Renowned reform initiatives, like the Plan S in Europe, spearheaded by a coalition of national research agencies and funders (cOAlition S), advocate for all publicly funded research to be freely available. Concurrently, the Center for Open Science, a key player in promoting transparency and reproducibility in research, has been instrumental in supporting these open-access movements. An increasing number of academics, bolstered by the ethos of organizations like the Center for Open Science, are boycotting journals that engage in double-dipping practices. They are opting instead to publish their work on preprint servers such as bioRxiv and arXiv, or in bona fide open-access journals like PLOS ONE.

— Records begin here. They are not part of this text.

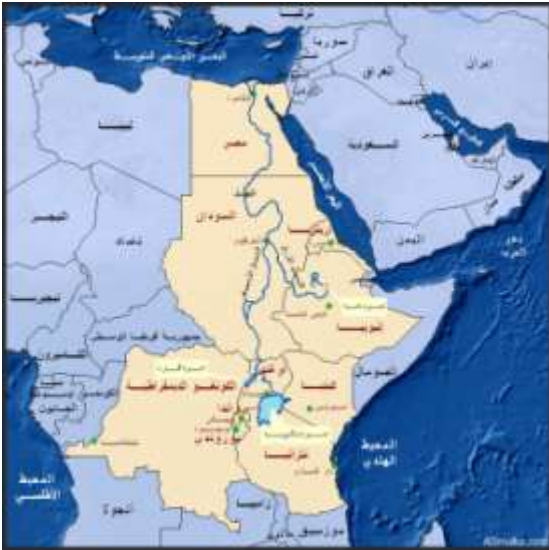
نهر النيل من المنبع إلى المصب

لذا يشهد التعاون العسكري الصهيوني الأثيوبي ذروته من خلال إسناد أثيوبيا للكيان وبصفة عامة مهمة تدريب وتطوير القوات المسلحة الأثيوبية منذ عام 1996.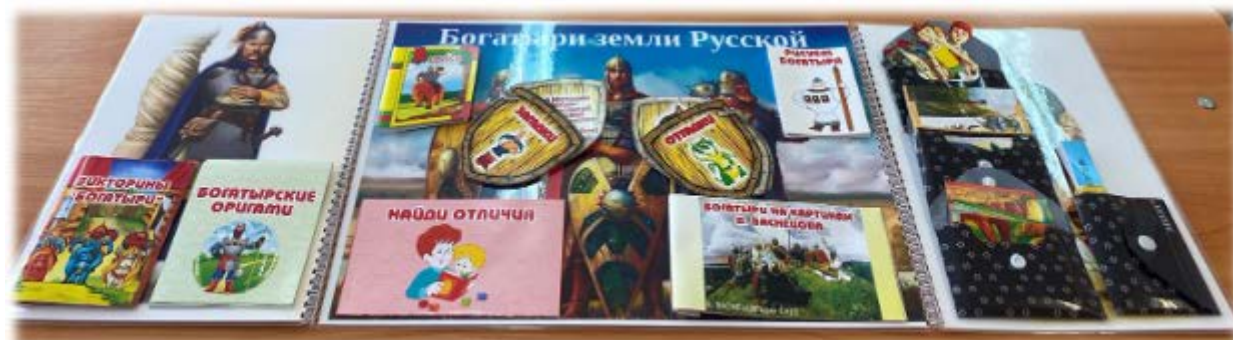
Рис. 2. Лэпбук «Богатыри земли Русской» для уроков окружающего мира и литературного чтения в начальных классах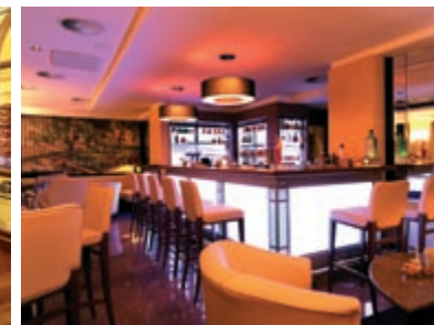
Das Gourmet-Restaurant „La Terrasse“ Die Smoker's Bar „La Fumadora“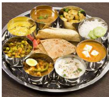
8 claves de una dieta sana en Ayurveda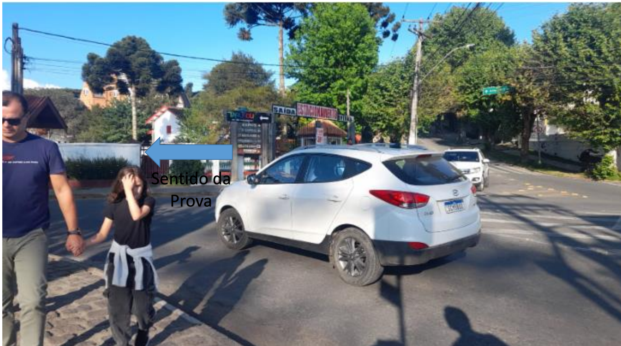
Bifurcação 12: Retorno para Avenida Frei Orestes (Trenzinho II)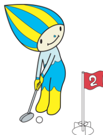
●グラウンド・ゴルフ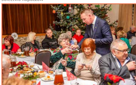
Koło Gospodyń Markocice i zespół Rozmaryn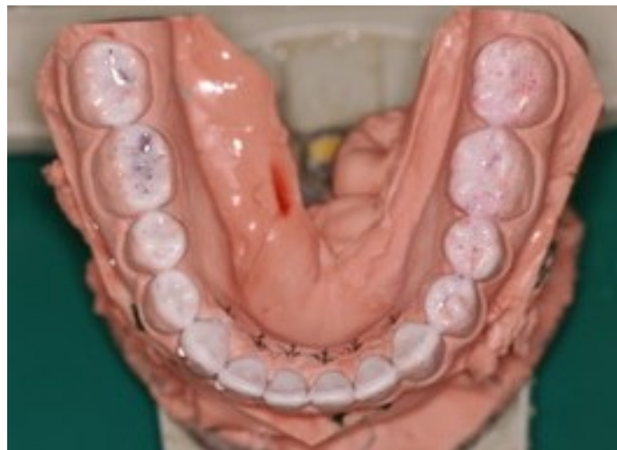
Figura 7-Enceramento diagnóstico da arcada inferior.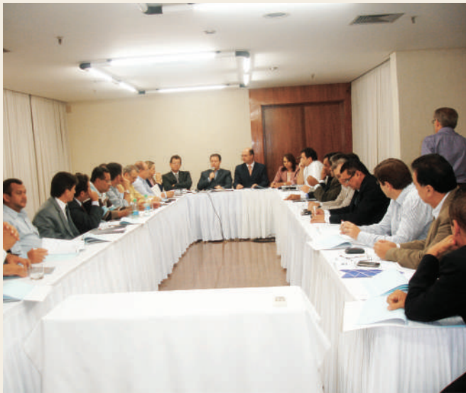
Febrac e Fenavist realizaram a AGE em Goiânia (GO) para prestigiar os Sindicatos Filiados.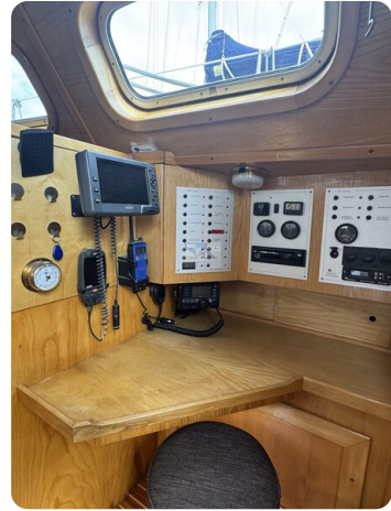
Baron 38 DER LETZTE BARON 75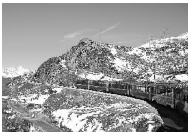
位于瑞士格劳宾登州的雷蒂亚铁路近日迎来建成125周年。雷蒂亚铁路在修建过程中攻克了诸多世界性技术难题，不仅体现了19世纪中后期人类建筑和科技发展的高水平，而且巧妙地同沿途山川湖泊和谐地融为一体。历史上它为阿尔卑斯山区人民带来了重大而深远的社会经济影响，如今其最壮观的阿尔布拉—伯尔尼纳段已被联合国教科文组织评为世界文化遗产，为瑞士经济发展贡献了高额旅游收入。

As academic publishing stands at a crossroads, the way forward must prioritize the unrestricted and equitable dissemination of knowledge. The vibrancy and effectiveness of academic discourse hinge upon this. Identifying and eradicating exploitative publishing practices is paramount for the health of academic research and global intellectual exchange. The crusade against double-dipping is not just a cause célèbre; it’s a mandate for democratizing knowledge in the 21st century.